김태균 <podain77 at gmail.com> writes:

> original code : r = a*t0 + b*t1 + c*t2 + d*t3 (in 24 bits precision)
> optimized code : r' = a*(t0 >> 8) + b*(t1 >> 8) + c*(t2 >> 8) + d*(t3 >> 8)
> (in 16 bits precision)
> where t0 + t1 + t2 + t3 = 0x10000
> 
> Now we split "t" into two terms u, v where u is upper 8 bits of t and v is
> lower 8 bits of t. (note that t0 = u0*256 + v0, t0 >> 8 = u0)
> 
> So,
> 
> r' = a*u0 + b*u1 + c*u2 + d*u3
> 
> r = a*(u0*256 + v0) + b*(u1*256 + v1) + c*(u2*256 + v2) + d*(u3*256 + v3)
>   = 256*(a*u0 + b*u1 + c*u2 + d*u3) + a*v0 + b*v1 + c*v2 + d*v3
>   = 256*r' + a*v0 + b*v1 + c*v2 + d*v3
> 
> Error would be
> e = (r - (r' << 8)) >> 16 = (r - 256*r') >> 16 = (a*v0 + b*v1 + c*v2 + d*v3)
> >> 16
> 
> Each value a, b, c and d can be 0xff at most, So
> 
> max(e) = (0xff*(v0 + v1 + v2 + v3)) >> 16 = (0xff*max(v0 + v1 + v2 + v3)) >>
> 16
> 
> max(v0 + v1 + v2 + v3) = 0x300 (because lower 8 bits of t0 + t1 + t2 + t3
> should be 0x00)
> 
> So max(e) = (0xff*0x300) >> 16 = 2
> 
> But this does not satisfy rule 5 as you mentioned

Thanks for doing this analysis. A difference of just 2 would be fine
in my opinion, and as you mention the original code was an
approximation as well.

It would be possible to satisfy rule 5 using a kind of error
diffusion, as as demonstrated by this program:

    static void
    compute_weights (uint8_t distx, uint8_t disty)
    {
        uint32_t distxy, distxiy, distixy, distixiy;
        int e, t;

        distxy = distx * disty;
        distxiy = (distx << 8) - distxy;
        distixy = (disty << 8) - distxy;
        distixiy = 256 * 256 - (disty << 8) - (distx << 8) + distxy;

        t = distxy + 0x80;
        e = (t & 0xffffff00) - distxy;
        distxy = t >> 8;

        distxiy -= e;
        t = distxiy + 0x80;
        e = (t & 0xffffff00) - distxiy;
        distxiy = t >> 8;

        distixy -= e;
        t = distixy + 0x80;
        e = (t & 0xffffff00) - distixy;
        distixy = t >> 8;

        distixiy -= e;
        t = distixiy + 0x80;
        e = (t & 0xffffff00) - distixiy;
        distixiy = t >> 8;

        assert (distxy + distxiy + distixy + distixiy == 256);
    }

    int
    main ()
    {
        int i, j;

        for (i = 0; i < 256; ++i)
        {
            for (j = 0; j < 256; ++j)
                compute_weights (i, j);
        }
    }

although that does do a bit more arithmetic than your code.

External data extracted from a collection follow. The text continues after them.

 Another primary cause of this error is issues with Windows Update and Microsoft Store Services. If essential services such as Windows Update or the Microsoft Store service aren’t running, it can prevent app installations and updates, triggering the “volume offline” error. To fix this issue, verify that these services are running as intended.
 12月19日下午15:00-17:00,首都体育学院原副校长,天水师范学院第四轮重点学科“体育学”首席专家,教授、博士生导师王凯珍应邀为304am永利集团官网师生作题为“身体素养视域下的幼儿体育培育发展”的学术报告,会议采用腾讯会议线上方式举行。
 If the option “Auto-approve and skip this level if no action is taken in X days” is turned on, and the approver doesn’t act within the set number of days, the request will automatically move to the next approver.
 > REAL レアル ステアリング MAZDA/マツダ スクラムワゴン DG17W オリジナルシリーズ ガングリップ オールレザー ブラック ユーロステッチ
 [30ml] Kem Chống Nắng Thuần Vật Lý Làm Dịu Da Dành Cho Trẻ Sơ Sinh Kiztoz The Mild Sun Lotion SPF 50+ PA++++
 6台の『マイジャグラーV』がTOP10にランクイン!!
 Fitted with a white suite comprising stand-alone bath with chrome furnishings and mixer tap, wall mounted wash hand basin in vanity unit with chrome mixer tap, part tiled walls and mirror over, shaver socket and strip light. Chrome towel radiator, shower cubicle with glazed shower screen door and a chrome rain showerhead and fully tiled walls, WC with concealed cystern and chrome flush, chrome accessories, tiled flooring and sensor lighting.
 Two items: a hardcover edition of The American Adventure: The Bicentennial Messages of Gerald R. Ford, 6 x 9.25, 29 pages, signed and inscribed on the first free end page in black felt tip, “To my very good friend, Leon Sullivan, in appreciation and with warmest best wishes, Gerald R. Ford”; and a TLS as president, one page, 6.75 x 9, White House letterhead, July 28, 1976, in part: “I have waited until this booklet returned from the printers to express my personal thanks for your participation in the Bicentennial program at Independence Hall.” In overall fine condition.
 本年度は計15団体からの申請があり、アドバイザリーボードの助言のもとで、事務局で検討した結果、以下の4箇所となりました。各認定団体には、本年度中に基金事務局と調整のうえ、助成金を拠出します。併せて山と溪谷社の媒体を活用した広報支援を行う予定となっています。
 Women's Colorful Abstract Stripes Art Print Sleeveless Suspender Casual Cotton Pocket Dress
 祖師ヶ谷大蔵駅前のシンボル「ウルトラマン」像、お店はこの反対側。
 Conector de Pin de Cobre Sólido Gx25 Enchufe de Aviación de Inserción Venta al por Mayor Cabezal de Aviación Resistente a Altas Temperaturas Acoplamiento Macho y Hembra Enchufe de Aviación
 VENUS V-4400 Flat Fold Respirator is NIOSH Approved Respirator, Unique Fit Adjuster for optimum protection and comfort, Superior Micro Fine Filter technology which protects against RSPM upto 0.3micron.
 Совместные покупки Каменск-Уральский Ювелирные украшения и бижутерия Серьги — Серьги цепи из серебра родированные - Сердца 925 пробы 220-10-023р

> > Now regarding accuracy. I have added some comments above regarding the
> > potential solid color issue, but this should be relatively easy to
> address. I'm
> > also a bit worried about one more thing (in the original pixman code too,
> but
> > let's cover this too while we are discussing accuracy in general).
> Wouldn't it
> > be a good idea to do shift with rounding for the final value instead of
> > dropping the fractional part? And the 'distx'/'disty' variables are also
> > obtained by right shifting 'ux' by 8 and dropping fractional part, maybe
> > rounding would be more appropriate. Not doing rounding might cause slight
> image
> > drift to the left (and top) on repeated rescaling, and also slight
> reduction of
> > average brightness.
> 
> I agree with that rounding is more appropriate.
> I think supplying distx and disty as properly rounded 4 bits values to
> interpolation function is the best choice we have.
> 
> Analysis on error is some what complicated in this case.
> Error may be bigger than previous code, at least 15 (I've done some brute
> force jobs)

Rounding to four bits is going to be a quite visible drop in quality
though, especially if you zoom more than 16x. With four bits of
precision, there will be only 16 different colors in the gradients
generated by the filter, which will show up as banding.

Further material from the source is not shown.